[Collected data entries]
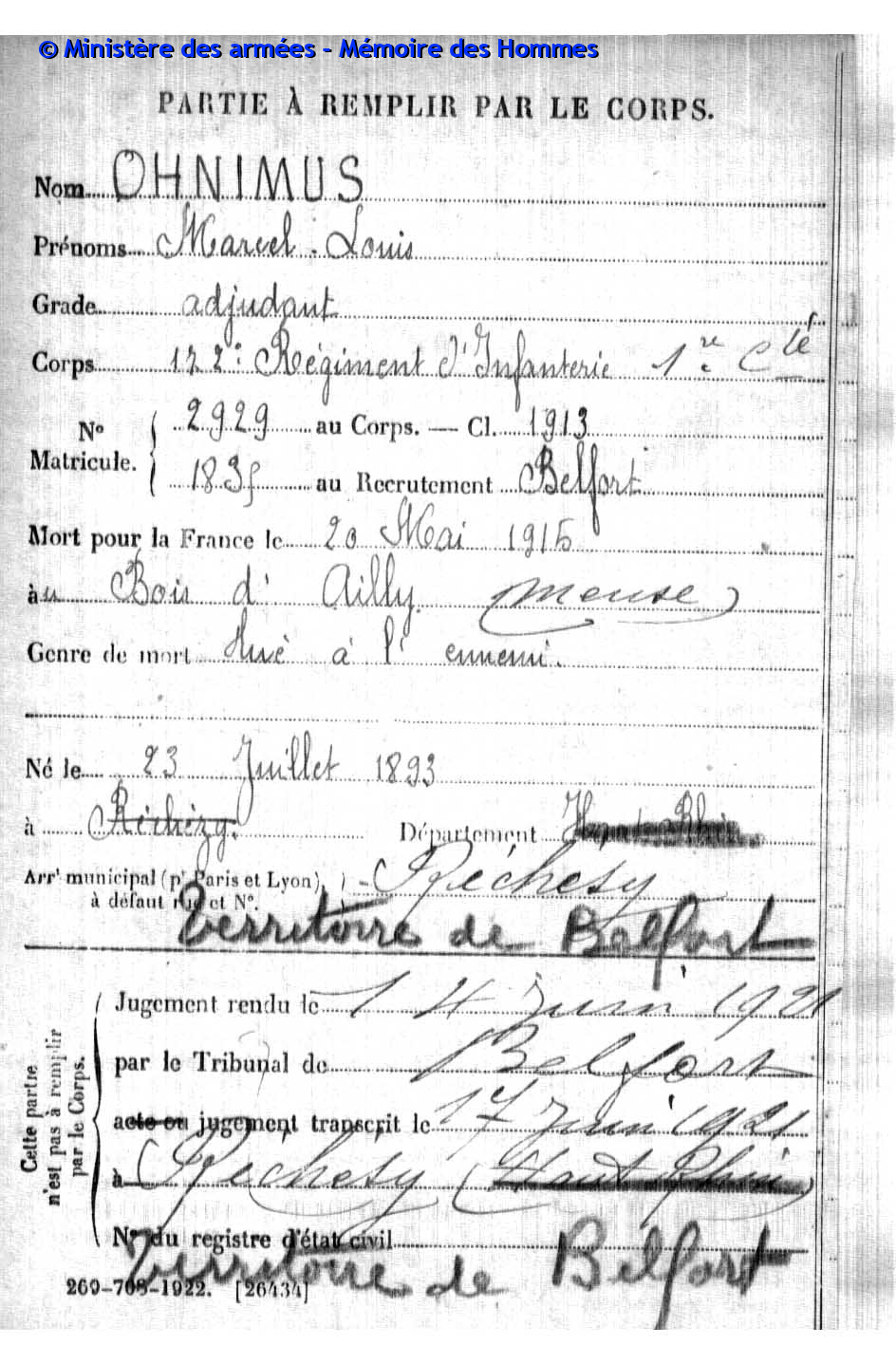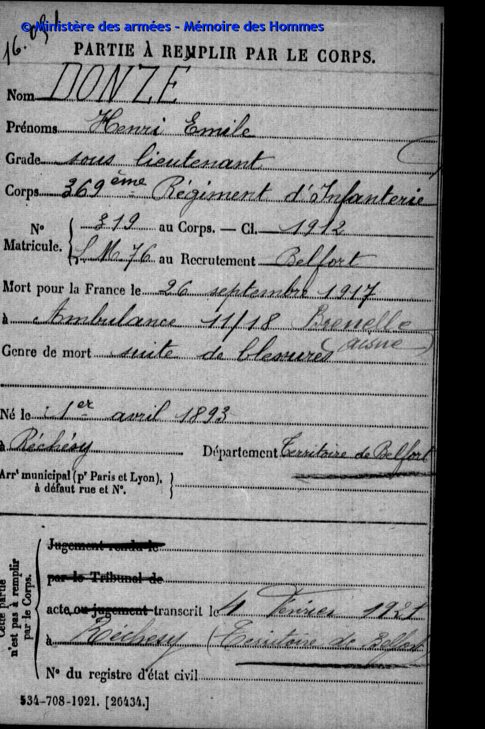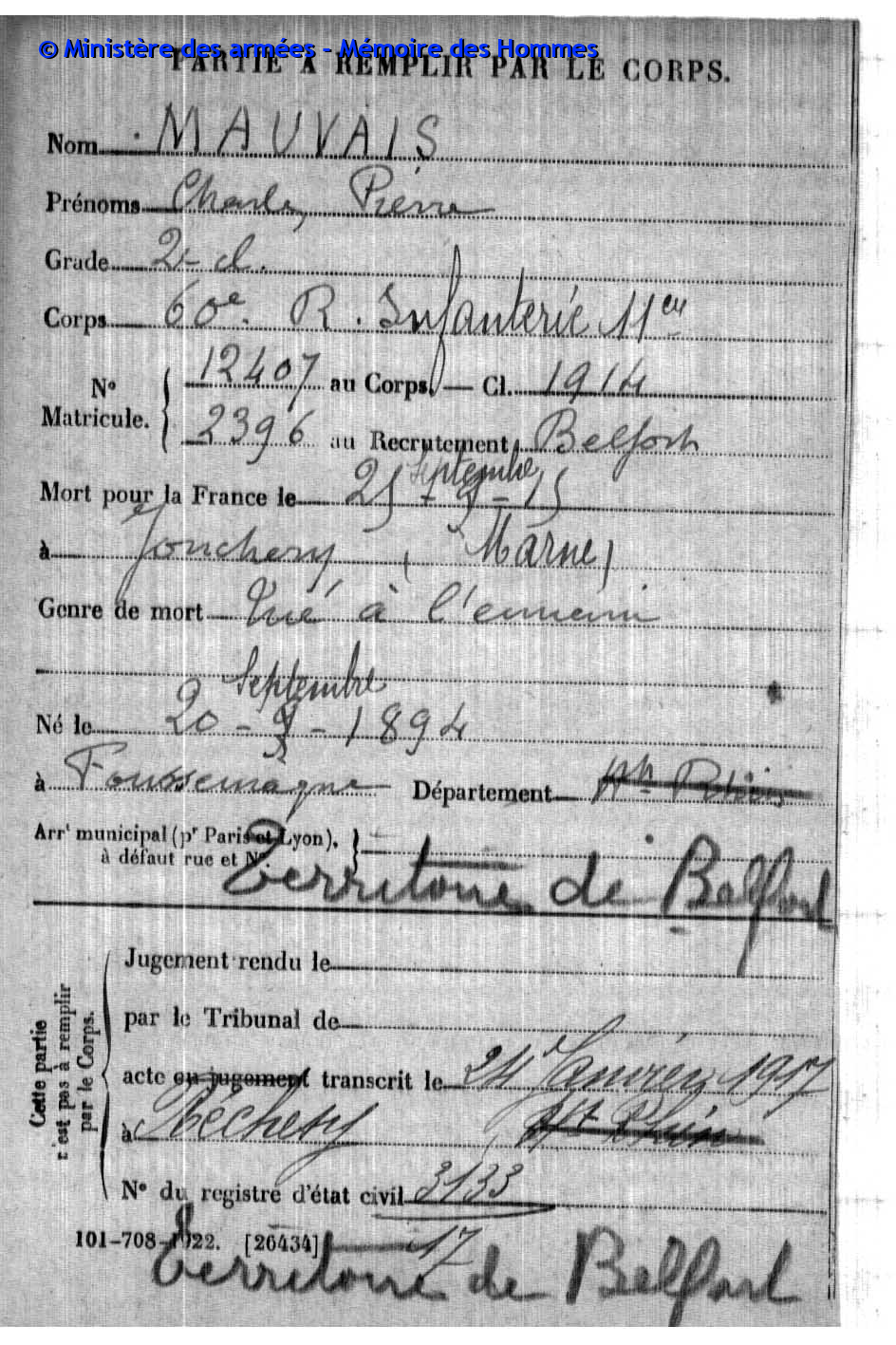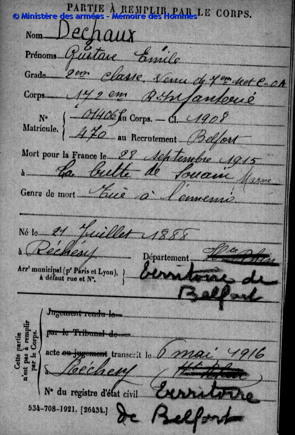 2ème classe DECHAUX Gustave Emile 21.07.1888 - 28.09.1915 172ème Régiment d'Infanterie 10ème Compagnie Gefallen in Perthes-lès-Hurlus - Marne (F) |
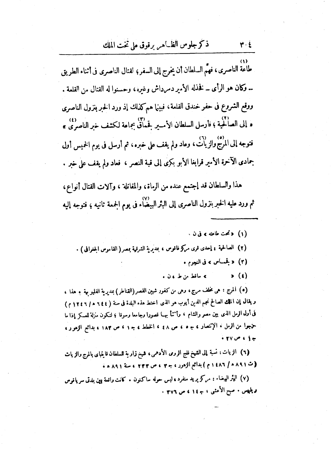 هذا والسلطان قد اجتمع عنده من الرماة، والمقاتلة، وآلات القتال أنواع، ثم ورد عليه الخبر بنزول الناصري إلى البئر البيضاء في يوم الجمعة ثانيه؛ فتوجه إليه
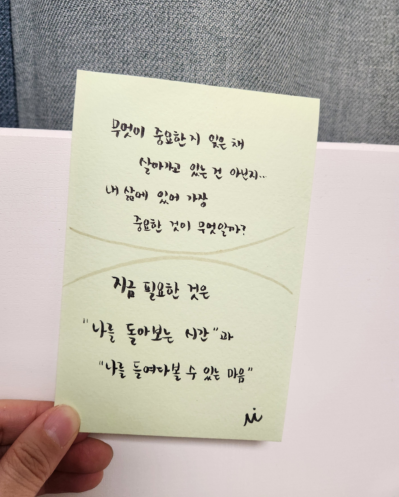 '나를 들여다볼 수 있는 마음'이 아닐까 싶다.
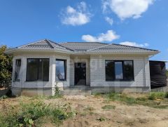 Дом построен на ленточном фундаменте. Стены пеноблок + утеплитель пенопласт + облицовка кирпичом. Крыша утеплена, в качестве кровли металлочерепица. В доме установлен двухконтурный котёл, произведена подготовка под тёплые полы, установлены радиаторы отопления. Также осуществлена электроразводка и вывод под вытяжку.
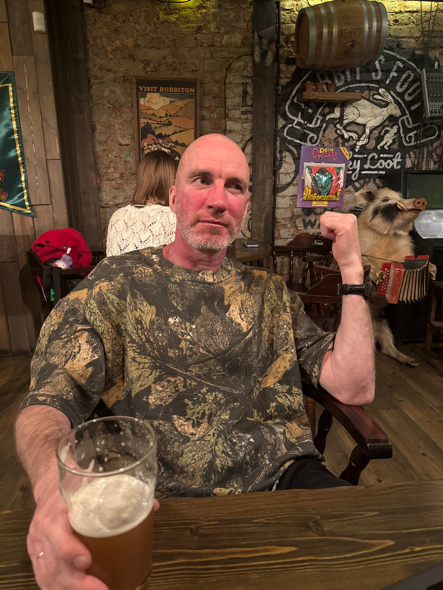 The image shows a man sitting at a wooden table, holding a pint of beer. He is wearing a camo-patterned shirt and a black wristwatch. The background includes a wall with exposed brick and wooden panel…read more

▸ What the task asks: Would you repeat the entries exactly, keeping the images out?

▸ Written response:
 2ème classe DECHAUX Gustave Emile 21.07.1888 - 28.09.1915 172ème Régiment d'Infanterie 10ème Compagnie Gefallen in Perthes-lès-Hurlus - Marne (F) |
 هذا والسلطان قد اجتمع عنده من الرماة، والمقاتلة، وآلات القتال أنواع، ثم ورد عليه الخبر بنزول الناصري إلى البئر البيضاء في يوم الجمعة ثانيه؛ فتوجه إليه
 '나를 들여다볼 수 있는 마음'이 아닐까 싶다.
 Дом построен на ленточном фундаменте. Стены пеноблок + утеплитель пенопласт + облицовка кирпичом. Крыша утеплена, в качестве кровли металлочерепица. В доме установлен двухконтурный котёл, произведена подготовка под тёплые полы, установлены радиаторы отопления. Также осуществлена электроразводка и вывод под вытяжку.
 The image shows a man sitting at a wooden table, holding a pint of beer. He is wearing a camo-patterned shirt and a black wristwatch. The background includes a wall with exposed brick and wooden panel…read more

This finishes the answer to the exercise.